Same again expected from the MPC

The monetary policy committee (MPC) holds its latest meeting today and tomorrow in Abuja. In November it voted unanimously for an unchanged stance in all respects, which has been its decision since July 2016. Its view was that prospects for the global economy and the oil price had deteriorated, while the domestic economy had developed a little momentum, if far short of potential. The committee might have tightened and eased over the past two years but feels that the impact of its policy is overplayed, and has an innate preference for a ‘wait-and-see’ position.


  • In other circumstances, we would focus our preview of the meeting with a close look at inflation prospects. The committee’s communique in November and members’ related personal statements, however, tell us that it has become relaxed about those prospects and the impact of the mooted increase in the national minimum wage. By way of explanation, one member highlighted the output gap, which he estimated at 1.5%.
  • Our take had been that food prices were highly vulnerable to the growing insecurity in growing areas. This has not been borne out by the inflation reports, and we now see the headline rate below 12.0% y/y throughout this year. Both a single-digit y/y core rate for four months and a m/m slowdown in December for the headline measure, the high point seasonally of household demand, suggest that the committee is right to be relaxed on inflation.
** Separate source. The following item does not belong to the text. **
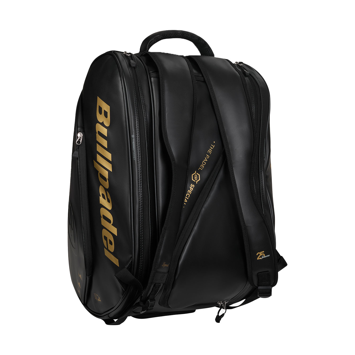 Designed to pay homage to the extraordinary career of Alejandra Salazar, the Bullpadel Flow Legend padel bag is the ideal companion for those who need excellent storage without sacrificing impeccable style. Made of resistant imitation leather, it can carry up to 4 padel rackets without covers and all the equipment you need.

  • MPC members will be more nervous about the price of UK Brent/Bonny Light, which fell briefly below US$50/b before settling into a range of +/- US$60/b, more than two months ago. They can, however, take comfort from the signals that the normalization of US monetary policy is nearer to its conclusion than previously thought.
  • We expect fresh calls for an expansion of the CBN’s “heterodox” financing, along with regrets that the deposit money banks have not risen to the challenge of deepening and diversifying their loan books.  The governor, Godwin Emefiele, gave a robust defense of one such lending scheme, the anchor borrowers’ programme, at a recent after-dinner speech (Good Morning Nigeria, 14 December 2018).
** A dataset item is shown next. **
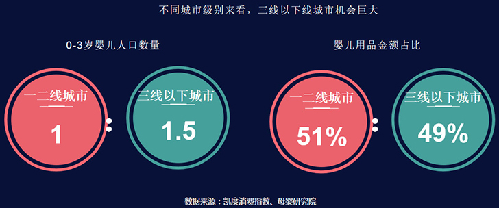 同樣純線上購買的消費者非常少,絕大部分是全渠道購買,同時線上線下購買的人均消費是僅在線下購買的1.2倍。另外,一二線城市和三線以下的城市對比,0~3歲的嬰兒人口的數(shù)量是1:1.5,可以看三線以下的城市是巨大的金礦,而且嬰兒用品的消費金額比幾乎是1:1,這是一個巨大的藍海。

  • Finally, we have to touch upon the delicate matter of the approaching elections and their impact, if any, on monetary policy. In both India and Turkey there has been a negative impact in the form of changes of central bank governor by the government. Emefiele’s first five-year term ends in June, which happily comes after the post-election period of transition.
  • It is rare for a central bank, in developed and developing economies alike, to tighten its policy shortly before elections. We argued at the time that the meeting in November was the moment for a rate hike in Nigeria. That day has passed, and anything other than a call of “no change” this week would come as a surprise.